The idea of the Lord's favour being on one particular person, his family and eventually a nation is a little strange to someone who has grown up in an environment where God is equally available to all. With hindsight it's possible to know where this whole thing is going and when the word Israel pops up at the end of chapter for the first time the modern reader knows that this story is still going on today in some shape or form.

God is extravagant in what he gives to Abraham, Isaac and now Jacob, but he doesn't overwhelm them and they are always dependant on him. It's a slow process as we are now a couple of generations down from the original promise and all that seems to have happened is the accumulation of wives, slaves and livestock for Abraham's descendants.

And then we have this strange wrestling match where Jacob becomes one of the few people in the Bible before Jesus came who actually gets to meet with God in a real physical way. He's just as stubborn as he's always been and it costs him to extent of being crippled for the rest of his life.

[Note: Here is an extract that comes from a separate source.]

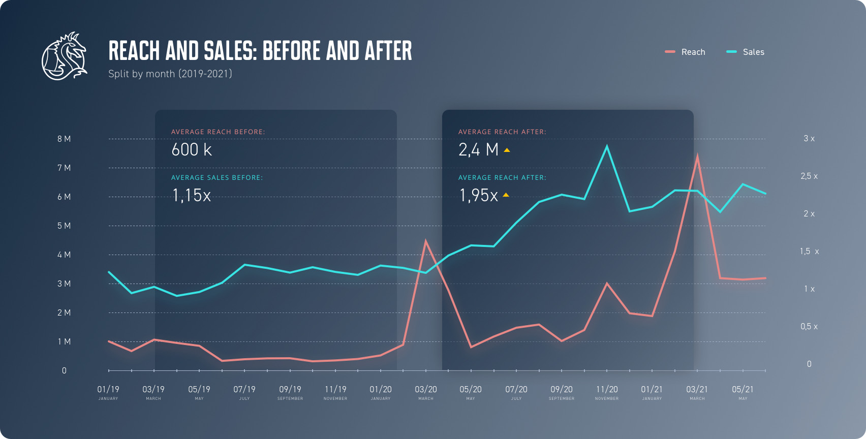 The effectiveness of focusing on reach, introducing 4dx and constant efficacy monitoring was immediately obvious. Comparing the 12 months before implementing the new work methodology and the 12 months afterwards we noted an average monthly reach growth of 300% and an average sales growth of 70%.

This passage has again reminded me of how the Bible is written, not as a God's list of rules for living or a book of systematic theology, but a story of people and their interaction with him. As such it contains little bits of human activity and at times is even humorous. The scene where Laban is searching for his household gods which Rachel is sitting on brought a chuckle to my lips as I was reading it out. It seems that God is not just concerned with the big picture, but with the smaller less significant things of life.